Try it
For the data below, retype word for word the lines from the one containing "Questo accogliente cottage" through the one containing "ここで、都道府県の場合は、「Sub-nation region(State/County/Zip Code"; drop the pictures.

Available data
--------------------------------------------------

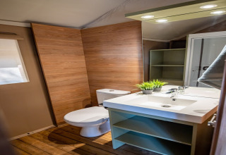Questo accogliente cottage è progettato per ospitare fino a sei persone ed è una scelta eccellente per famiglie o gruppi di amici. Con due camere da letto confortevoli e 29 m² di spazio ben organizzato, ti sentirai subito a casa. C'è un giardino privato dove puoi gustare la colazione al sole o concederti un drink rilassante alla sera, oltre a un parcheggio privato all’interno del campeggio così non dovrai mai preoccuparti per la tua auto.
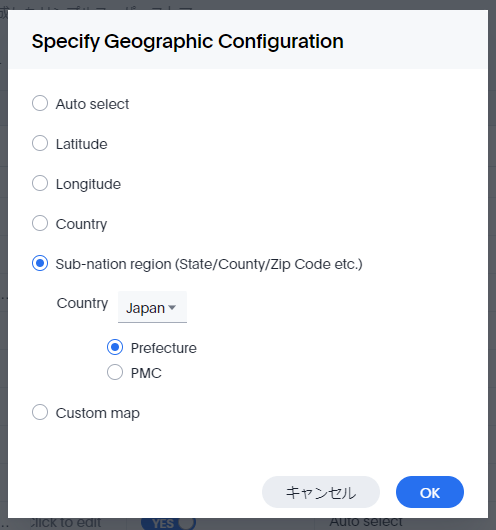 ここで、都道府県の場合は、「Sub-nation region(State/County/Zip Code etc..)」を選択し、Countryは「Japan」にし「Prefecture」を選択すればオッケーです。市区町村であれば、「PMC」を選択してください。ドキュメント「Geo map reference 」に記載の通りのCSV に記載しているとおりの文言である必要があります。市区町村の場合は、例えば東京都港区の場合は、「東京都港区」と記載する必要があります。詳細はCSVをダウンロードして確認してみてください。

--------------------------------------------------

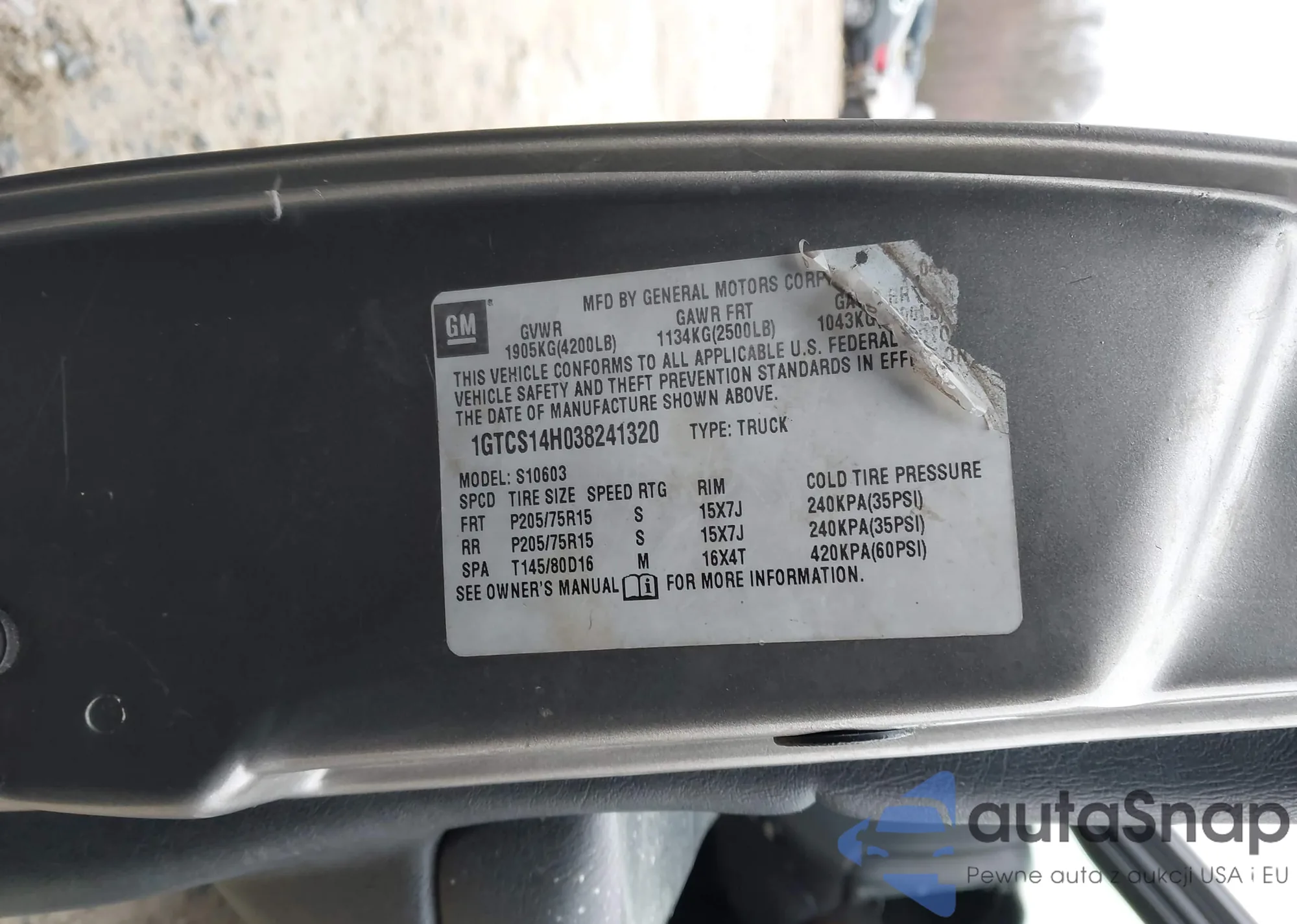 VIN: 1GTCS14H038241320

--------------------------------------------------

Written reply
Questo accogliente cottage è progettato per ospitare fino a sei persone ed è una scelta eccellente per famiglie o gruppi di amici. Con due camere da letto confortevoli e 29 m² di spazio ben organizzato, ti sentirai subito a casa. C'è un giardino privato dove puoi gustare la colazione al sole o concederti un drink rilassante alla sera, oltre a un parcheggio privato all’interno del campeggio così non dovrai mai preoccuparti per la tua auto.
 ここで、都道府県の場合は、「Sub-nation region(State/County/Zip Code etc..)」を選択し、Countryは「Japan」にし「Prefecture」を選択すればオッケーです。市区町村であれば、「PMC」を選択してください。ドキュメント「Geo map reference 」に記載の通りのCSV に記載しているとおりの文言である必要があります。市区町村の場合は、例えば東京都港区の場合は、「東京都港区」と記載する必要があります。詳細はCSVをダウンロードして確認してみてください。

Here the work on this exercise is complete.